> _EXERCISE DIRECTIONS_: Begin at the line containing "Through the lens" and give again every line to the end of the records, exactly, without the pictures.

- - - - -

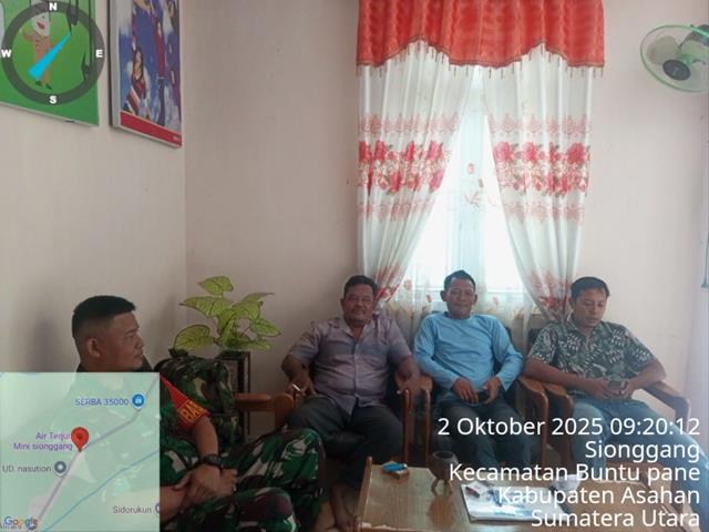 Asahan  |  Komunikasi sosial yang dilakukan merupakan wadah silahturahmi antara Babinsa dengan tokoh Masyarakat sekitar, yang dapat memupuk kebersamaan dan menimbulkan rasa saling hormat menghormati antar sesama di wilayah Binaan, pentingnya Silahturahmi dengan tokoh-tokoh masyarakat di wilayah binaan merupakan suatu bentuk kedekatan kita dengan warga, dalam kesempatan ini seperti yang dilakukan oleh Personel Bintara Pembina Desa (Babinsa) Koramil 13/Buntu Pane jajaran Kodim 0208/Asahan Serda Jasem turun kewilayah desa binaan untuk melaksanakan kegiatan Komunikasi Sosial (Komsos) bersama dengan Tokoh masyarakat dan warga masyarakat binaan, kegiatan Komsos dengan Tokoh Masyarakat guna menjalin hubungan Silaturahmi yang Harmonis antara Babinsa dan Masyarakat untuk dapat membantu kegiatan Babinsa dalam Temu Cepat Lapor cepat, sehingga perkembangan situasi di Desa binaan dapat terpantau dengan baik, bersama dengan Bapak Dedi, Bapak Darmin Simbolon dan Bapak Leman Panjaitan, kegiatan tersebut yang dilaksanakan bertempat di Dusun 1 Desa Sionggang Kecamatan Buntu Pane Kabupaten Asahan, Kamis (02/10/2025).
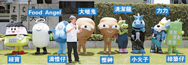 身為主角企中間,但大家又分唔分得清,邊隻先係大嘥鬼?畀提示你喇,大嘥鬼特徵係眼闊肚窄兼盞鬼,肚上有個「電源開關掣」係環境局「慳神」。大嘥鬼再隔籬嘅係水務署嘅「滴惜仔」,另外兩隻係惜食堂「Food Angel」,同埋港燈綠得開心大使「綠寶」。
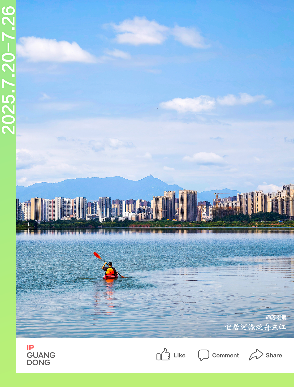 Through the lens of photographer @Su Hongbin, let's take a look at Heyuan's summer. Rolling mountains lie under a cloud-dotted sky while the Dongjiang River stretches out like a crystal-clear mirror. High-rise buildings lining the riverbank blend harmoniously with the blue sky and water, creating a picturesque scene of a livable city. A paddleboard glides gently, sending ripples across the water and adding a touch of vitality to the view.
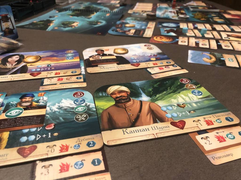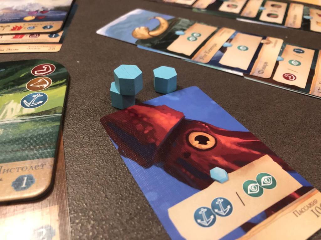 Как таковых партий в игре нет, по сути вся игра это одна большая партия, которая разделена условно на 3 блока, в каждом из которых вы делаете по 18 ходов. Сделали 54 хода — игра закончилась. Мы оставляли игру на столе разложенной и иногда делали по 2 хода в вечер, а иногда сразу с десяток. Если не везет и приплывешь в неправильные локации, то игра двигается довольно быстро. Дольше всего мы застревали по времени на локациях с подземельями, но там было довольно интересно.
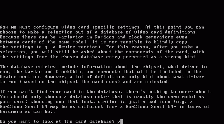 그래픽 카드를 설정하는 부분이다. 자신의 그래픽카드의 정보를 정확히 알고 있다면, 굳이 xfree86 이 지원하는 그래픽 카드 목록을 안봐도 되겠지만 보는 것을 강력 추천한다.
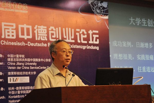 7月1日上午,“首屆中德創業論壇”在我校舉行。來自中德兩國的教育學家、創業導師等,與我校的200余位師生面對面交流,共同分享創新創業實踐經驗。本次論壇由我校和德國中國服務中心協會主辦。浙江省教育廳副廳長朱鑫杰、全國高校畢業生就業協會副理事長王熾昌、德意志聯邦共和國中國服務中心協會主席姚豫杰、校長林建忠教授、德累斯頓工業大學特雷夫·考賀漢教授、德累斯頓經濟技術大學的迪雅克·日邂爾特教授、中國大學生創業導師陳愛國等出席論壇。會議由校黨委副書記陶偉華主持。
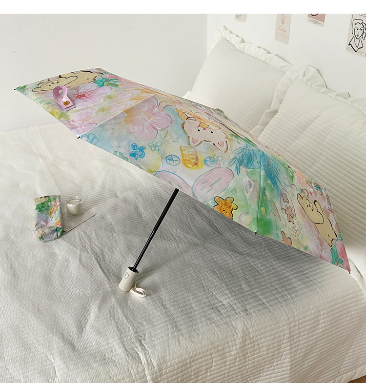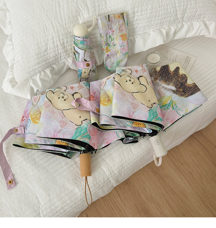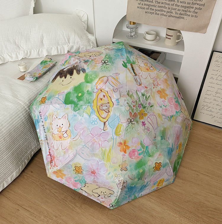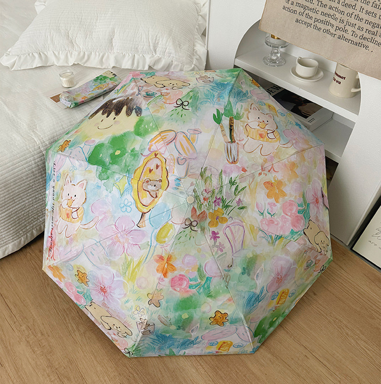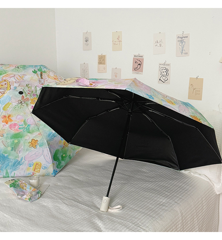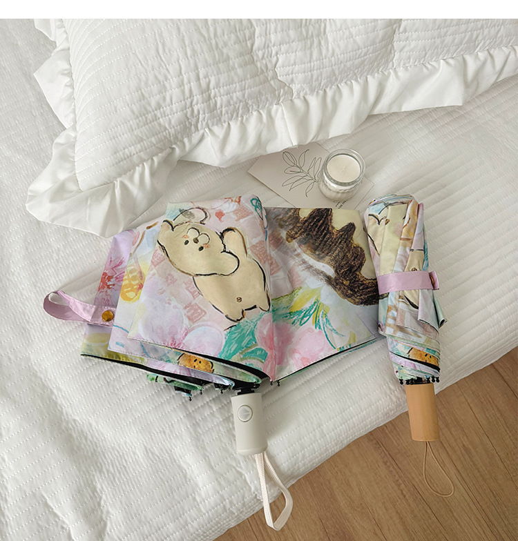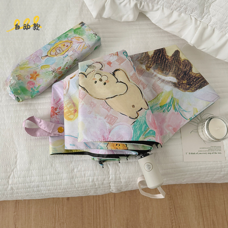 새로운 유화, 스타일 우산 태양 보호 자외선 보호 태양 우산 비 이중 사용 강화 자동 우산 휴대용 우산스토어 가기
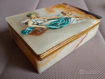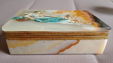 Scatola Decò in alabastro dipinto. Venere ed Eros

- - - - -

> _SOLUTION FOR THIS EXERCISE_:
 Through the lens of photographer @Su Hongbin, let's take a look at Heyuan's summer. Rolling mountains lie under a cloud-dotted sky while the Dongjiang River stretches out like a crystal-clear mirror. High-rise buildings lining the riverbank blend harmoniously with the blue sky and water, creating a picturesque scene of a livable city. A paddleboard glides gently, sending ripples across the water and adding a touch of vitality to the view.
 Как таковых партий в игре нет, по сути вся игра это одна большая партия, которая разделена условно на 3 блока, в каждом из которых вы делаете по 18 ходов. Сделали 54 хода — игра закончилась. Мы оставляли игру на столе разложенной и иногда делали по 2 хода в вечер, а иногда сразу с десяток. Если не везет и приплывешь в неправильные локации, то игра двигается довольно быстро. Дольше всего мы застревали по времени на локациях с подземельями, но там было довольно интересно.
 그래픽 카드를 설정하는 부분이다. 자신의 그래픽카드의 정보를 정확히 알고 있다면, 굳이 xfree86 이 지원하는 그래픽 카드 목록을 안봐도 되겠지만 보는 것을 강력 추천한다.
 7月1日上午,“首屆中德創業論壇”在我校舉行。來自中德兩國的教育學家、創業導師等,與我校的200余位師生面對面交流,共同分享創新創業實踐經驗。本次論壇由我校和德國中國服務中心協會主辦。浙江省教育廳副廳長朱鑫杰、全國高校畢業生就業協會副理事長王熾昌、德意志聯邦共和國中國服務中心協會主席姚豫杰、校長林建忠教授、德累斯頓工業大學特雷夫·考賀漢教授、德累斯頓經濟技術大學的迪雅克·日邂爾特教授、中國大學生創業導師陳愛國等出席論壇。會議由校黨委副書記陶偉華主持。
 새로운 유화, 스타일 우산 태양 보호 자외선 보호 태양 우산 비 이중 사용 강화 자동 우산 휴대용 우산스토어 가기
 Scatola Decò in alabastro dipinto. Venere ed Eros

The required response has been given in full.